It was 4:36am ten minutes ago when I checked my phone in the living room. It's becoming a habit to beat my alarm, which is here instead of the bedroom because that solved my "snooze" problem. This is all a big deal to me - because I'm weaker than you think. Well, I don't really know what you think - or that you've thought of me at all. About a year ago, I was chatting with some people from an audience I had just addressed at a business association, when I realized that they all seemed to think I was this A-type personality that just gets stuff done (I'm referring to my Train Accidents, Speaking, and Ultra Endurance Racing). It is nowhere near the truth.
I didn't lie to them, but I was definitely holding back. I've found it has much more impact to shared the real struggle that it is for me to accomplish the things I've wanted to do. It helps because it is hard for all of us to become just that little bit better. One quick example I have, on my phone I have a task list, one of the tasks I've assigned myself is to "Write out weaknesses". That has been on there for at least 3 weeks, maybe more than 5.
Okay then, let's do this:
- daily bouts of laziness
- procrastinate more than I don't
- of the people I know, I'm easily in the bottom 10% for being organized
- atrociously bad with money
- king of "big plans" without a good plan
- races might just be a copout as a way to at least finish something
- I leave things undone - which I hate and yet do more than most hobbies
- I always try to paint the best picture of myself
- for some reason, I'm not very thoughtful -I don't think of nice ways to show people I care
- a knack for tuning out that voice in my head - mental discipline is often something I avoid
- distracted with great ease - and I like it
So, this is really not fun to share, even though spam bots outnumber my readers. Hopefully, I have some time to become better before this finds its way to you.

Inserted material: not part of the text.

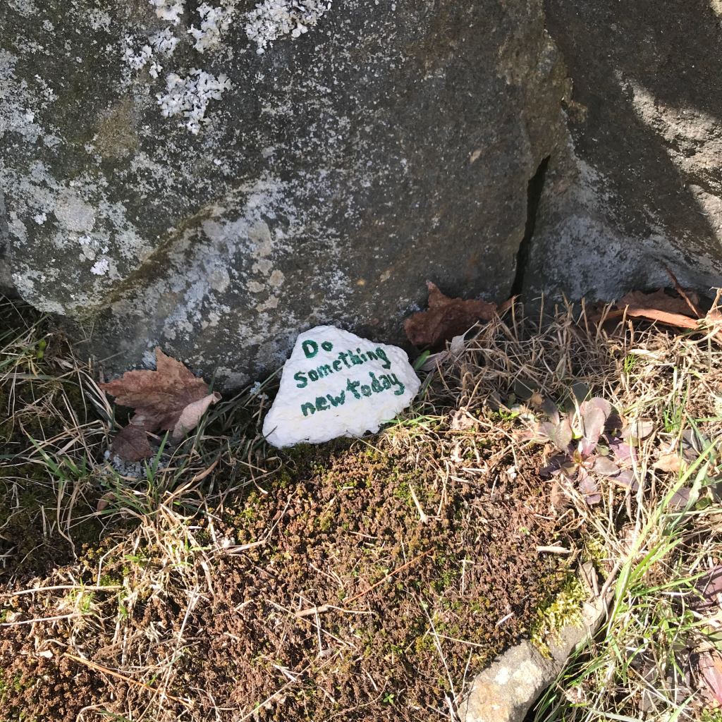 Hello, friends. During a walk to our local Harrisville, NH Post Office not long ago, I came across this tiny stone that had been painted with a big message:

There's been some good, I don't want to be pointlessly hard on myself. Yet, I think it's fair to say that I could be doing a lot better in life. Due to that list right there, and it could quite easily be extended, I almost killed myself twice with alcohol. Once at 18 and once when I was 23. It's not just that I skirted death, I should have died -people are gone because of less. The second time I didn't get off all that easy, I lost both of my legs as well. Skipping over the accidents and details, for now, I didn't learn my lessons, or even about alcohol with either of these. That took 9 more years and it was largely because it was either the wife or "the drink", as they say.
All along, I wanted to do better. There was a sense of what I was capable of and plenty that I dreamed to achieve. There was no sudden change though.
The truth is, I don't want to look bad here - nor am I trying to look good (that should be evident). I'm writing this because it's true and because, in my life, momentum is building towards what I want and I have to get there. My gut is saying this is the best thing I can do to keep it going.
There are always reasons to be optimistic. For starters, I finally wrote that damn weakness list. AND, that list right there has 11 items and I was just going to write 10. Not the most exciting achievement but I did it which lead to this post. I am trying to do just a little bit more - every single time.
A lot of things have come together. My racing has really helped me improve in many areas. Training brings outs the best in me. You experience the drive when you're out there and it makes me want to do more. I have to do things like schedule my day just to fit it in. Along the way people, books, and podcasts (more recently) have helped me. I really want to improve and I still have the chance to do everything I set out for. This is motivating and helps me see inspiration all over. I've sprinkled some of the things that help in past posts and will continue.
Yeah, it is getting better. There is still so much to work on though -that list is real, I wrote it an hour ago.
So, this is my call to keep fighting. If you can relate to any of this, I'd say discuss these things with yourself, your blog, your family, neighbor, cat (last resort), social network of choice (might be behind the cat option). Wherever and to whomever you can bring yourself to discuss this with, speak about your dreams and the struggle to get there. The more personal you make this, the better it is going to feel. I'm totally guessing bc I literally slept through the only Psychology class I've ever taken (AND I missed the final, which is a fun/pathetic college story), but I am typing this right now and it feels really good.